De katholieke Vlissingers, waaronder afstammelingen van Duinkerker kooplieden, waren niet erg kerks. Meer en meer begonnen zij nu te gewennen aan een wekelijkse kerkgang. De nieuwe statie groeide en in 10 jaar tijd was ze verdubbeld. In 1839 bij de eerste volkstelling was de stad voor 22,74% katholiek. Na de Franse tijd opende de regering van koning Willem I voor Antwerpen een nieuwe bloeiperiode, waarvan ook Vlissingen profiteerde. Op 24 april 1803 verbonden de parochianen zich om, te beginnen in mei, elke zondag bij het binnenkomen van de kerk een stuiver te betalen. Dit 'stuiversgeld' is ontstaan in de schuilkerkentijd en was oorspronkelijk bestemd voor de 'kerkhouder', dikwijls een kerkmeester. Het gebruik leeft nog op veel plaatsen voort in de vorm van plaatsengeld. Een poging om in de Hollandse Missie een collecte te mogen houden mislukte. Er werd geen toestemming voor gegeven (1803). Het kerkbestuur kocht een huis aan de Pottekaai om dat tot kerk te laten verbouwen. Het werk stond onder toezicht van Andries Terwiel, die tot dan toe zijn huis in de Koestraat ter beschikking had gesteld. Op 28 mei 1805 werd de kerk ingewijd door de pastoor van Middelburg; de volgende dag werd de eerste H. Mis opgedragen. Het strategisch belang van Vlissingen ontging Napoleon niet en hij voegde de stad in 1807 bij zijn keizerrijk. De statie Vlissingen werd daarom geplaatst onder de bisschop van Gent (1807-1832).
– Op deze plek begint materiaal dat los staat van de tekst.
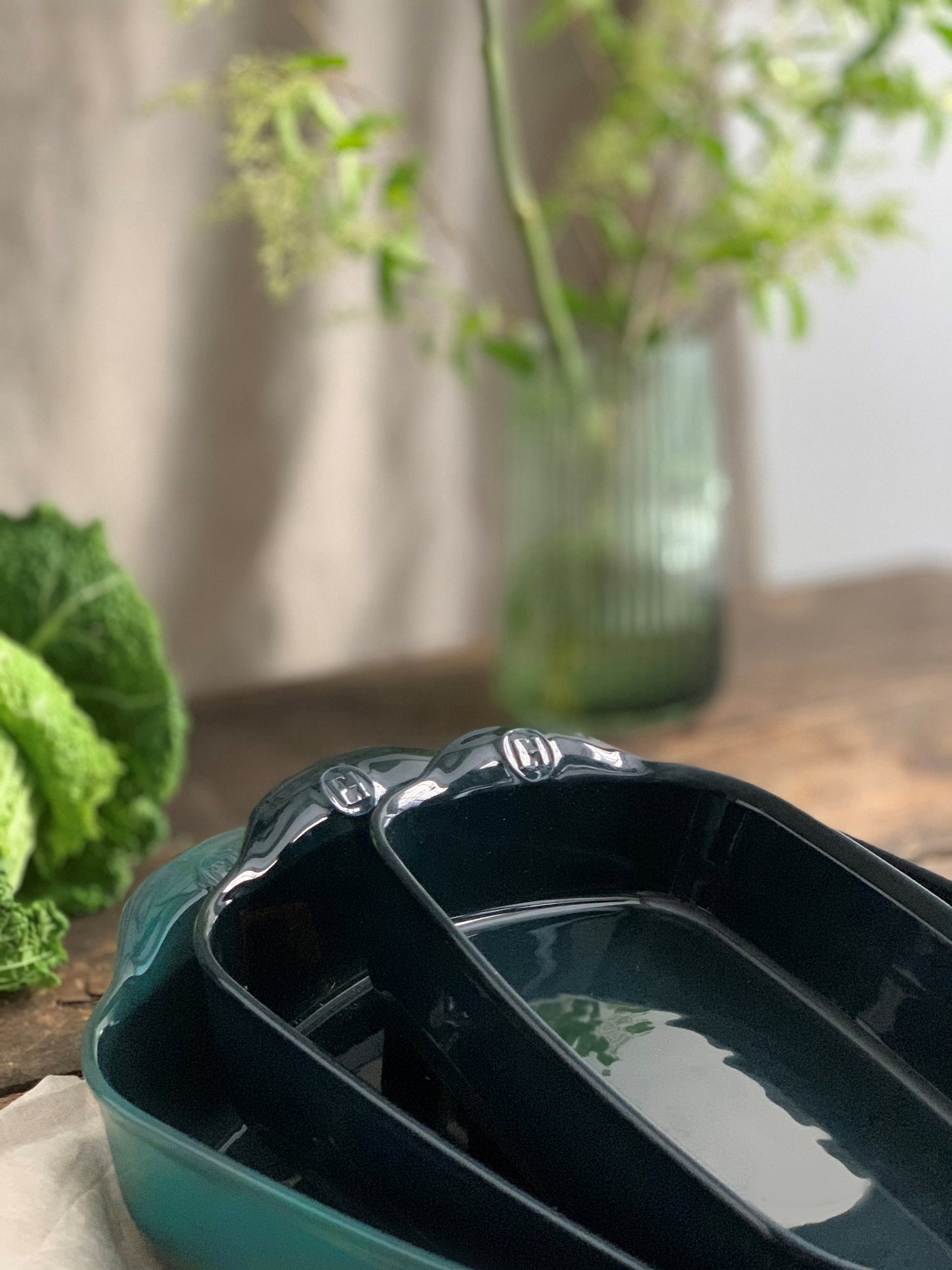 Tava rectangulara pentru cuptor din aceasta colectie este ideala pentru prepararea unei mese rapid. Datorita materialului rezistent la temperaturi ridicate din care este confectionat, si anume ceramica de inalta calitate, vasul poate trece imediat de la temperaturi de pana la - 20°C la temperaturi de peste 270°C, atat la cuptor cat si la microunde. Forma sa rectangulara cu manere permite o manevrare usoara, si, totodata, designul sau viu colorat va aduce mai mult stil in bucataria ta!

In de pauselijke breve van 9 maart 1841 werd Vlissingen ingedeeld bij het Apostolische vicariaat Breda. Bij het herstel van het bisschoppelijk bestuur in Nederland (4 maart 1853) kwam Vlissingen met oud Zeeland bij het bisdom Haarlem, het Vlaamse deel van Zeeland bij het bisdom Breda. Op 26 juni 1851 vestigde zich voor het eerst een onderwijscongregatie in Vlissingenb nl. vijf zusters uit het klooster te Etten. Hoewel deze religieuzen veel voor de kinderen hebben gedaan bleven grote moeilijkheden niet uit. Daarom deed pastoor A. de Jong een beroep op franciscanessen van Roosendaal, die uit eindelijk in 1856 klooster en scholen overnamen. Het honorarium van deze zusters bedroeg in 1859 per maand f 2,-, later f 2.50 en zelfs f 3,-.Tot 1949 hebben de franciscanessen van Roosendaal lief en leed met de Vlissingse parochie gedeeld. In 1856 werd de statie Vlissingen veranderd in een parochie, waartoe ook Oost- en West-Souburg, Koudekerke, Ritthem en de forten Rammekens en Zoutman zouden behoren. In deze tijd deed zich de behoefte aan een groter kerkgebouw voelen. Op de plaats van het vorige en van een daarnaast gelegen pand verrees een nieuwe kerk, een van de eerste specimina van de neo-gotiek. Van de consecratie op 28 juli 1858 door Jacobus van Vree, bisschop van Haarlem, bestaat een fraaie afbeelding in het Vlissingse archief. Het meubilair was afkomstig uit de ateliers van Cuypers te Roermond. De kerk werd toegewijd aan Sint-Jacob, de oude stadspatroon. In de parochie Vlissingen waren veel armen, terwijl ook de talrijke wezen grote zorgen baarden.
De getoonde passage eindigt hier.